Is time on Pyongyang’s side?
The author is a Washington correspondent at the JoongAng Ilbo.
North Korea is acting as if it has the upper hand in the denuclearization negotiations with the United States. The working-level talks in Stockholm on Oct. 5 were payback for U.S. President Donald Trump’s abrupt departure from the meeting room in Hanoi, Vietnam. North Korea’s chief nuclear negotiator Kim Myong-gil left the negotiation after just six hours and unilaterally declared that the talks had failed.
The content was also the same. He said that suspending nuclear tests and intercontinental ballistic missile (ICBM) launches was a preemptive denuclearization measure and demanded that United Nations sanctions and separate sanctions by the United States be lifted. He overturned North Korean leader Kim Jong-un’s proposal in Hanoi to exchange a shutdown of the Yongbyon nuclear facility with the lifting of five major UN sanctions and demanded unilateral concession from Washington. He also said that he had no will to negotiate before a complete and irreversible retraction of hostile policy against North Korea.
What changed North Korea’s attitude seven months after returning empty-handed from Hanoi remains a question not just for U.S. negotiator Stephen Biegun but also for South Korea. Experts in Washington claim that North Korea has become a mid-weight nuclear power with more than 30 nuclear warheads and solid fuel-based ballistic missile technology. The international sanctions also have loosened thanks to the cozy relationship among North Korea, China and Russia. But most of all, experts say that North Korea wants to take advantage of Trump’s impeachment crisis. Pyongyang may have decided that it is the right time to get as much as they can.

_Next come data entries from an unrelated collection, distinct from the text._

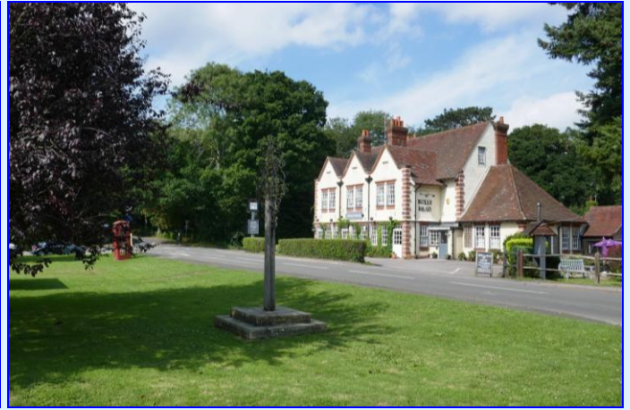
The Bulls Head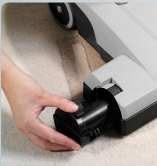
The brush is easily accessed without the need for tools for easy replacement, maintenance and cleaning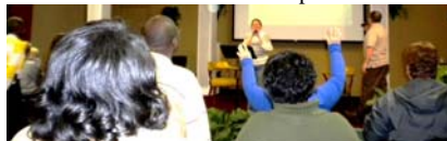
God’s people in worship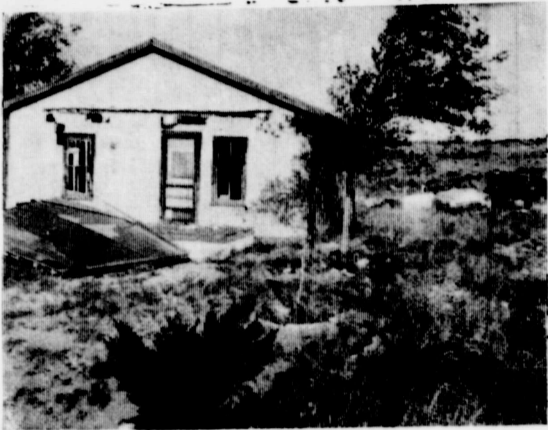
THIS RANKIN property represents a little of everything currently faced by Rankin City Council in their clean-up efforts—a deserted building, with fallen porch, half-dead trees, brush and abandoned car bodies—not unusual—just typical of many in all parts of town.

Ambassador Kim turned down Biegun’s proposal to meet again in two weeks and asked him to meet again by the end of the year, which coincides with the Democratic Party’s (DP) impeachment vote in the House. While the impeachment bill is unlikely to pass the Senate, where the Republican Party has the majority, Pyongyang seems to have calculated that Trump would be impatient to get some tangible results from negotiations with North Korea before the state primaries begin in Iowa in February 2020.

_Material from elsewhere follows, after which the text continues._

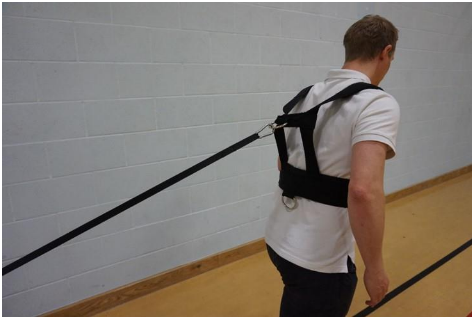
Figure 1. Run Rocket™ harness attachment.

Participants placed their front foot 5 cm behind the first set of gates and used the same front foot for each trial. A two-point standing position was used at the start and participants started their sprints on their own volition. A shoulder harness supplied by the manufacturer was worn by the participants and attached to the Run Rocket™. The cord of the Run Rocket™ was attached approximately midway between the medial borders of the scapulae by way of a D-ring and a waist buckle was used to secure the harness (Figure 1). The resistance of the Run Rocket™ was adjusted using the manual adjuster knob; this was conducted blind to the participant and lead researcher. Full recovery took place between sprints (>6 min). All testing took place on an indoor basketball court.

However, Trump is not moving according to Pyongyang’s calculations. He is not showing much interest in negotiations with North Korea as he is busy fighting against the DP in what he calls a “civil war” and “constitutional crisis.” If North Korea fires an ICBM and threatens the United States, the game is over. Trump can use security as a campaign weapon. After visiting Washington, Special Representative for Korean Peninsula Peace and Security Affairs Lee Do-hoon said he needed to be careful because no one knows what North Korea would pick on.